Will Kenya’s Elections Rejuvenate African Democracy?

Will Kenya’s Elections Rejuvenate African Democracy?

Just as the “Arab spring” turned out to be less than advertised, Africa overall also suffered setbacks in freedom, democracy, and the media in the second decade of the century.

Although it does not get much press attention in the United States, Kenya is having an important summer, with a presidential election looming in the weeks ahead. With luck, this important event in one of Africa’s half dozen most pivotal countries could give a boost to the overall democratic trajectory of the continent—and provide the world what would be a rare dose of good news these days.

Africa has come a long way in recent times. In the 1980s, when one of us was a Peace Corps volunteer in the former Zaire and most African countries had gained their independence only a couple of decades before, Africa had no real democracies and very little open political debate. Things have improved considerably since that time. There was major progress in the 1990s that continued into the 2000s.

Over the last fifteen years, that progress has plateaued, and in fact, lost a little ground. But it has not been reversed. A good election in Kenya could help get things back on the right path more generally across the continent, perhaps.

Figure 1.  Freedom in the World statuses (1980-2020) and Freedom of the Press statuses (1990-2016) from Freedom House reports.

There have been several major turning points in Africa’s generation-long pursuit of more representative government and more open political debate. Elections became common in the years after the fall of the Berlin Wall in Europe and the world’s “third wave” of democratization. Notably, in the month following Benin’s 1991 presidential election, African journalists in Windhoek, Namibia, emphasized the need for a free, independent, and pluralistic press. The Windhoek Declaration was soon created and has since inspired press freedom not only in Africa, but around the world. In 1990, only four countries were considered “Free,” and only three were assessed by Freedom House as having a free press. Two years later in 1992, nine countries were “Free,” and six countries were credited with a free press. This took place as the continent’s first real democracies were sending up shoots.

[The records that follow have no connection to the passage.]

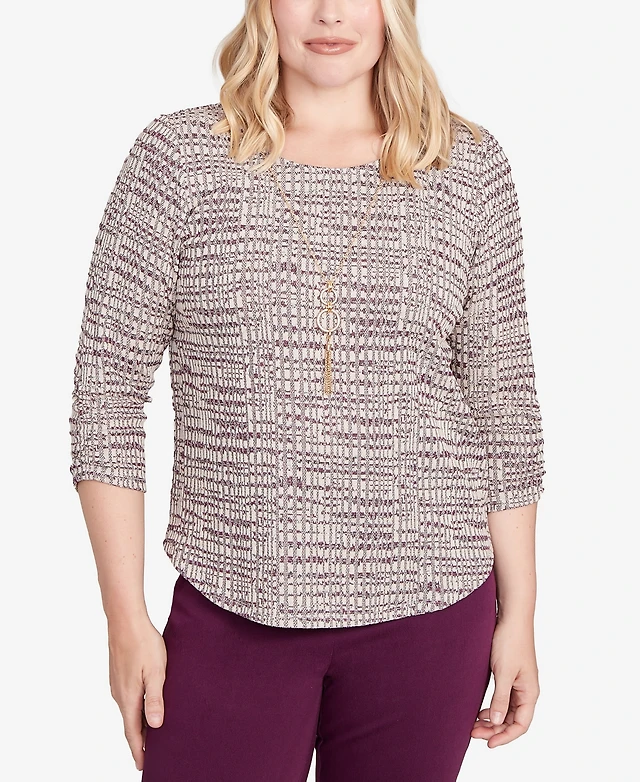 Alfred Dunner Women's Urban Legend Textured Shimmer Space Dye Top with Necklace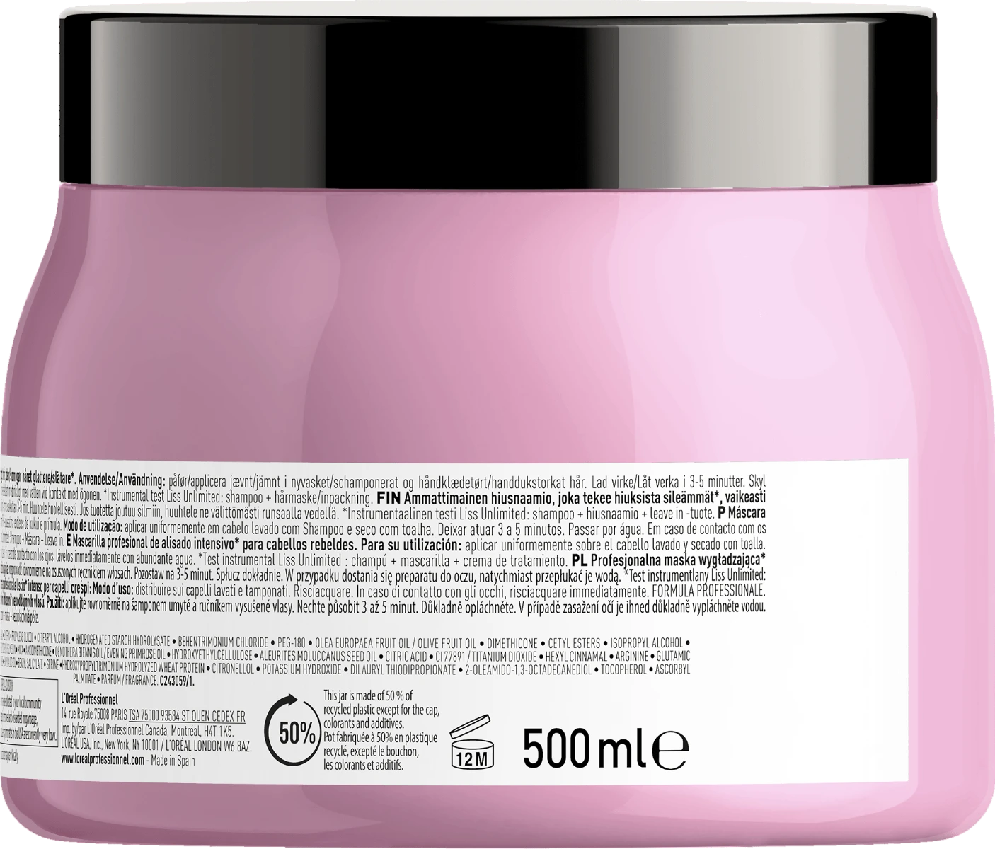 Het L’Oréal Serie Expert Liss Unlimited Masker gaat pluizig haar tegen door het haar een schild te geven tegen vocht.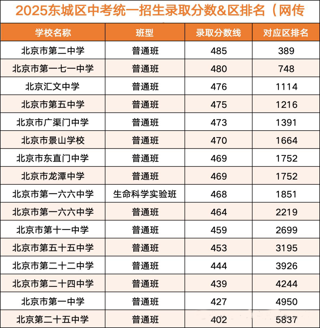 2025年中考录取分数线,因为各区都没有官宣中考录取分数线(因为官方不让发,现在都是往传版)admw360教研组目前收集整理的2025东城中招录取分数线&区排名(网传版),分享给大家了解参考,其中部分没有更新的学校分数线家长可以分享到评论区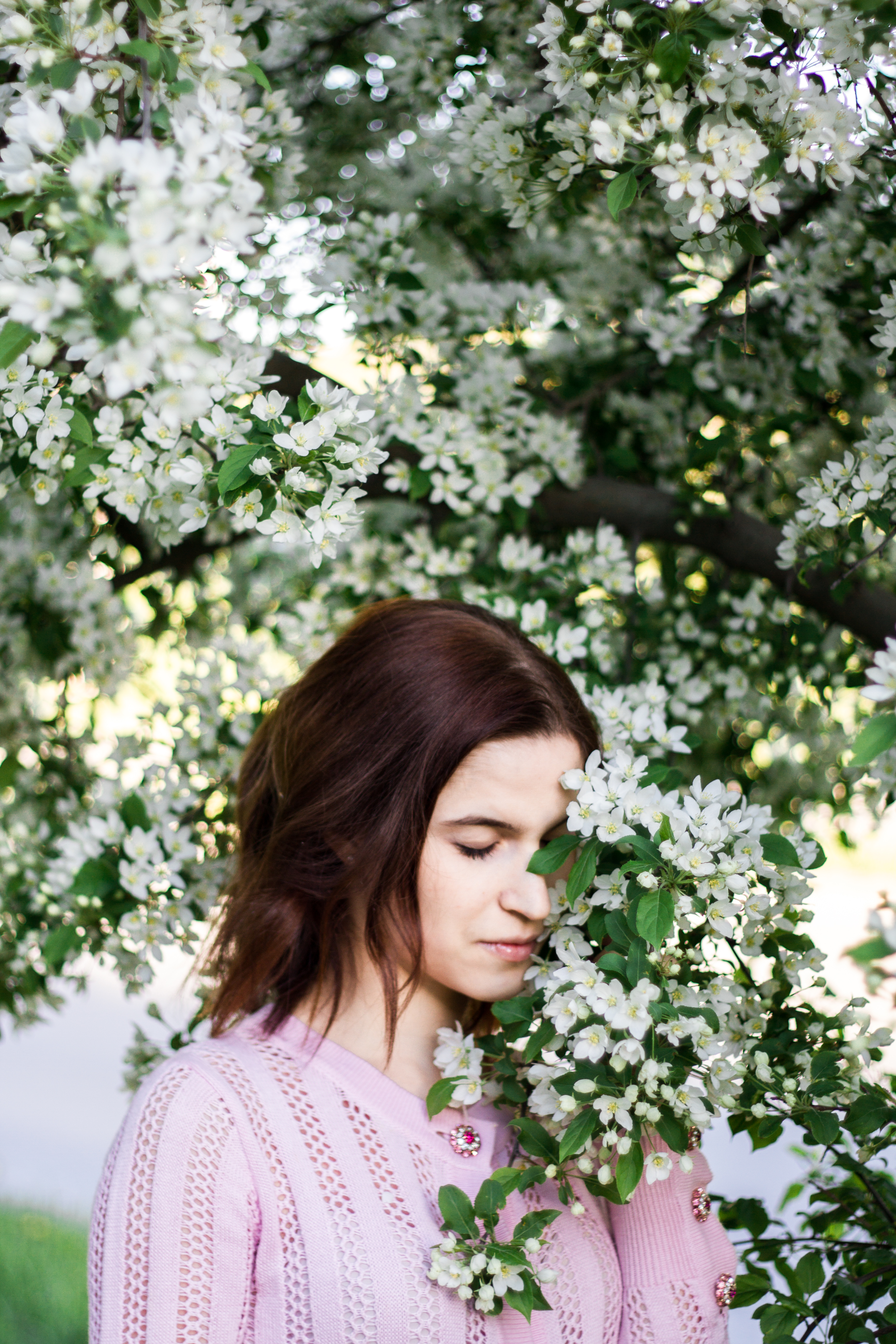 Стоило попросить героиню дальнюю руку опустить, а ту, что ближе к камере поднести к цветам. Так бы поза смотрелась понятнее и гармоничнее :)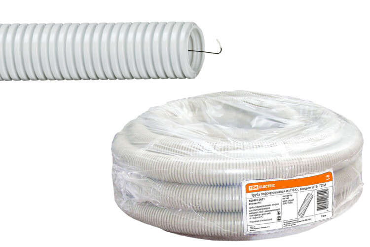 Труба гофрированная ПВХ 16 мм с зондом (10 м) легкая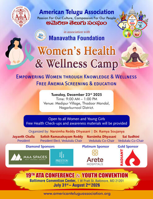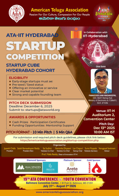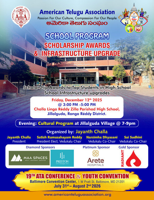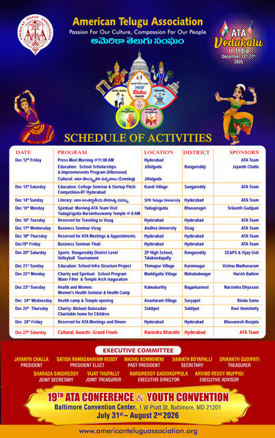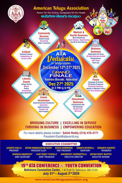 ATA is set to host its flagship annual cultural and service festival, ATA Vedukalu 2025, across Telangana and Andhra Pradesh from December 12 to December 27, 2025. Over the past two decades, ATA Vedukalu has grown into a global movement dedicated to promoting Telugu language, arts, and traditions, while also driving meaningful social change through education and health programs.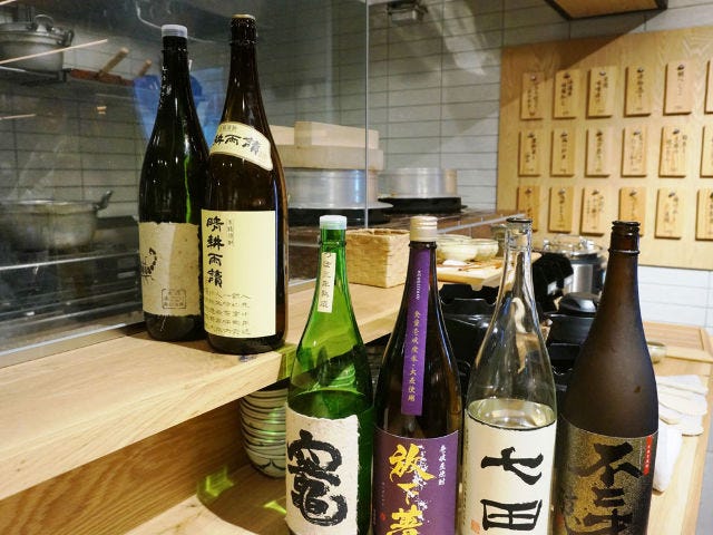 お酒は、全国各地から集めた日本酒やワイン、ウィスキーなど30種類ほどが揃う

Progress continued in the early 2000s. The number of “Free” countries peaked at eleven in 2006; that same year Freedom House determined eight countries to have a free press. In addition to an increase in multi-party elections taking place across the continent and an expansion of privately owned media outlets, the digital sphere grew during this time. With the internet came the opportunity to redefine the direction of news and information.

Unfortunately, as the era of social media arrived a few years later, life got more complicated. Just as with the Arab spring, Twitter, Facebook, and other new vehicles of communication were not able to produce big new breakthroughs in democracy or press freedom in Africa. Since 2006 the number of “Free” countries has declined from eleven to eight. Between 2006 and 2017, the number of countries assessed by Freedom House as having a free press went from eight to three. Just as the “Arab spring” turned out to be less than advertised, Africa overall also suffered setbacks in freedom, democracy, and the media in the second decade of the century. Yet the positive numbers are still much better than a generation ago; not all progress has been lost. 

Consider a few specific cases among the bigger countries of the continent. Ethiopia, Sudan, and the Democratic Republic of the Congo (DRC) have probably lost ground in recent times. All were considered “Not Free” by the 2022 Freedom in the World country reports. Media were severely restricted in each of these countries. At the end of 2021, Ethiopia had the second highest number of journalists in sub-Saharan Africa in jail. Attempts to further silence the press were evident in DRC as three journalists were assassinated and at least 106 were subject to detention—more than double of the reported abuses in 2020. After the October 2021 coup in Sudan, journalists were arrested, and broadcast stations were shut down. In southern Africa, Angola, reported as “Not Free,” has had the same ruling party since independence in 1975 and most of the media is owned by the state.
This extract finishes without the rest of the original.